In FIG. 7, it can be seen that the lid 730 is rotatably attached to the main body 710, so as to permit easy opening and closing of the autosampler 700. The lid 730 and the main body comprise, respectively, complementary locking mechanisms 735 and 715. In this embodiment, the locking mechanisms 735 and 715 are screw threaded mechanisms that allow the lid 730 to be secured in an air-tight fashion to the main body 710, thereby sealing the chamber 714 with the sample tray 720 in the chamber.

To facilitate and improve the air-tight seal between the lid 730 and the main body 710, the upper surface of the sidewalls 716 on the main body 710 is provided with an O-ring 718. The O-ring is resilient (and preferably comprises a polymer material) and configured to prevent air outside the autosampler 700 from entering the chamber 714 when the lid 730 is coupled to the main body 710 using the locking mechanisms 715 and 735. Hence, the O-ring 718 helps to seal the sample chamber 714 when the lid 730 is closed. The lid 730 also comprises a sealing member 738, which in this case is a venting nut that comprises a screw thread that can be used to seal or unseal the autosampler 700. The sealing member 738 may be provided by any opening that is capable of being plugged (sealed) with a screw, such as a flat bottom screw, and preferably also includes a sealing device, e.g., an O-ring.

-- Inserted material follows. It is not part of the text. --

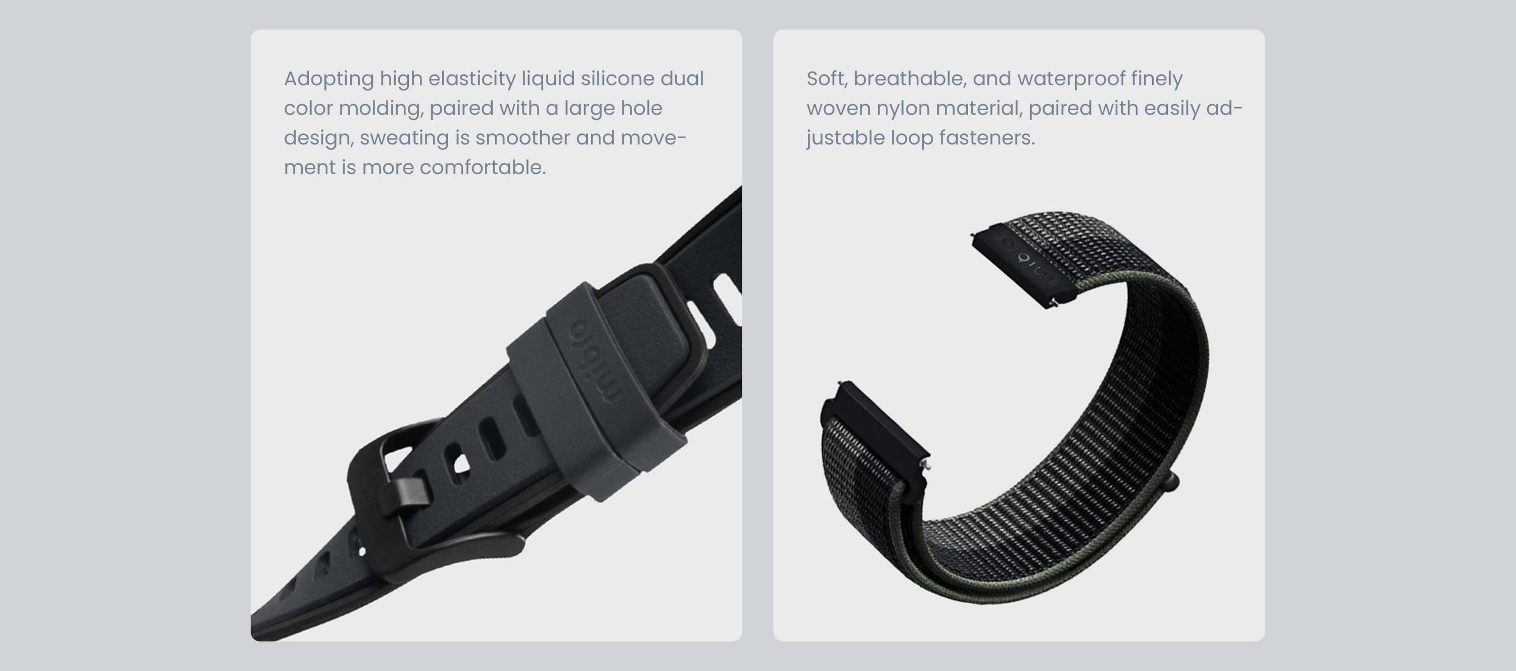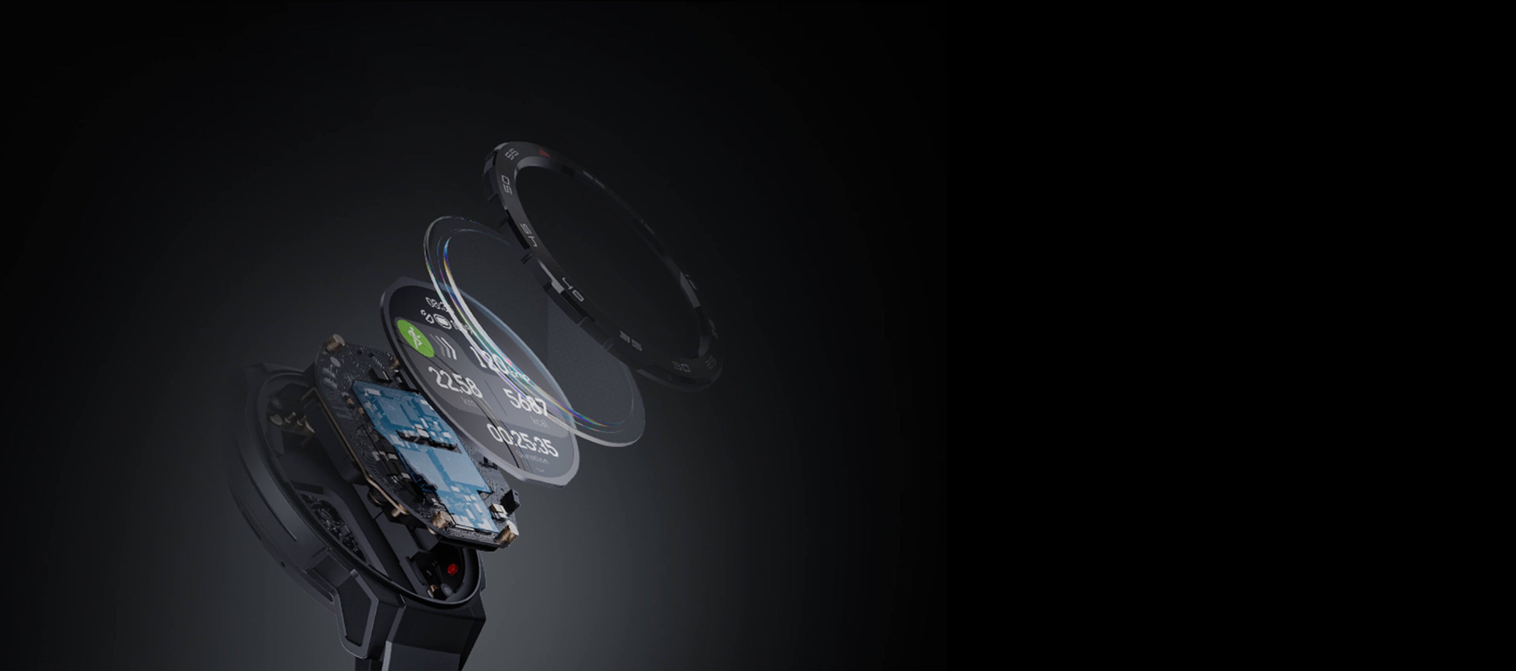 Écran AMOLED de 1,43" avec 461 PPI dans un boîtier en acier inoxydable 316L.

During a flushing operation (which is optional when using the autosampler 700), after loading the sample tray 720 with samples and placing the sample tray 720 within the chamber 714, a flow of helium is used to flush the chamber 714 containing the samples, and the sealing member 738 allows the helium flow to exit the chamber 714. When the chamber 714 is completely evacuated of any residual ambient air, the sealing member 738 may be closed and the dispensing and analysis processes can commence.

In this embodiment, motion of the sample tray 720 is effected by a stepper motor (not shown) in the main body 710. The stepper motor is connected to a disc mounted on the stepper motor shaft (also not shown), with the disc having four permanent magnets mounted thereon. The four permanent magnets on the disc serve as non-contact coupling elements that drive other coupling elements, and are therefore similar to the coupling elements 118a and 118b of the first embodiment. The stepper motor, shaft and disc with four magnets are all located in the bottom of the main body 710, completely outside the sealable chamber 714.

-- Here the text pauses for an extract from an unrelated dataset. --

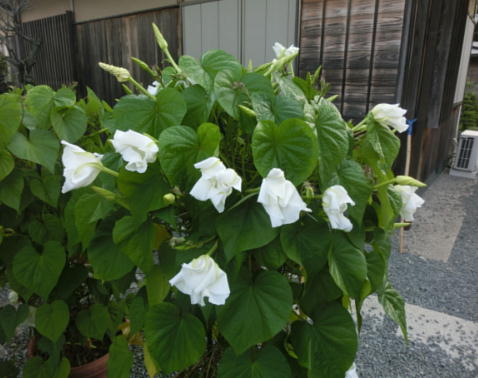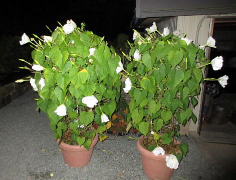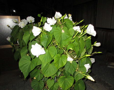 The flowers of gourd are unhappy because they are beautiful at night. Since it begins to flower at about 6:00 in the evening, though it spreads them at 6:30, the ends of petals bow because the air still keeps the very high temperature. Therefore, we have to go to see them at night with a light. Since I gave them fertilisers only twice, the leaves aren’t dark green.

The sample tray 720 fits closely within the sealable chamber 714 and, in use, rests at the bottom of the chamber 714 in contact with a ring of self-lubricating material 713 on the base of the chamber 714. The sample tray 720 has, on its underside, four complementary magnets, and the sample tray 720 is caused to rotate by the interaction between the four rotatable magnets in the main body 710 and the four magnets on the sample tray 720. This interaction occurs through the bottom wall of the sealable chamber 714, which is formed from solid aluminium in this embodiment.

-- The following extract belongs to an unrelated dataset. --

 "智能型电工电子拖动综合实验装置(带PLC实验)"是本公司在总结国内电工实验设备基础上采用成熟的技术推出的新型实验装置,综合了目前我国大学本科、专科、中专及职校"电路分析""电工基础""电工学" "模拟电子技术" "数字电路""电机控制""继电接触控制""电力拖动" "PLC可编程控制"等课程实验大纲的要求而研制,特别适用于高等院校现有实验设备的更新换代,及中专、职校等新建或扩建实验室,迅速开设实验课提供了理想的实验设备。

Thus, in generalised terms, this disclosure advantageously provides a non-contact coupling that is preferably a magnetic non-contact coupling. Magnetic couplings are relatively cheap to provide and manufacture and are capable of providing all of the advantages of non-contact couplings described extensively herein. In embodiments of the disclosure, the noncontact coupling may comprise one or more coupling elements on the sample tray and one or more respective coupling elements in the body of the autosampler. In preferred embodiments, the one or more coupling elements on the sample tray comprise a permanent magnet; and/or the one or more coupling elements in the body of the autosampler comprise a permanent magnet. Permanent magnets are readily available and facilitate a strong coupling and a close fit between the components of the autosampler. Each of the one or more coupling elements on the sample tray may be or may comprise permanent magnet and, similarly, each of the one or more coupling elements in the body of the autosampler may be or may comprise a permanent magnet. In such cases, it is preferable that one or more coupling elements in the body of the autosampler are moveable, so as to move the sample tray between the plurality of dispensing positions.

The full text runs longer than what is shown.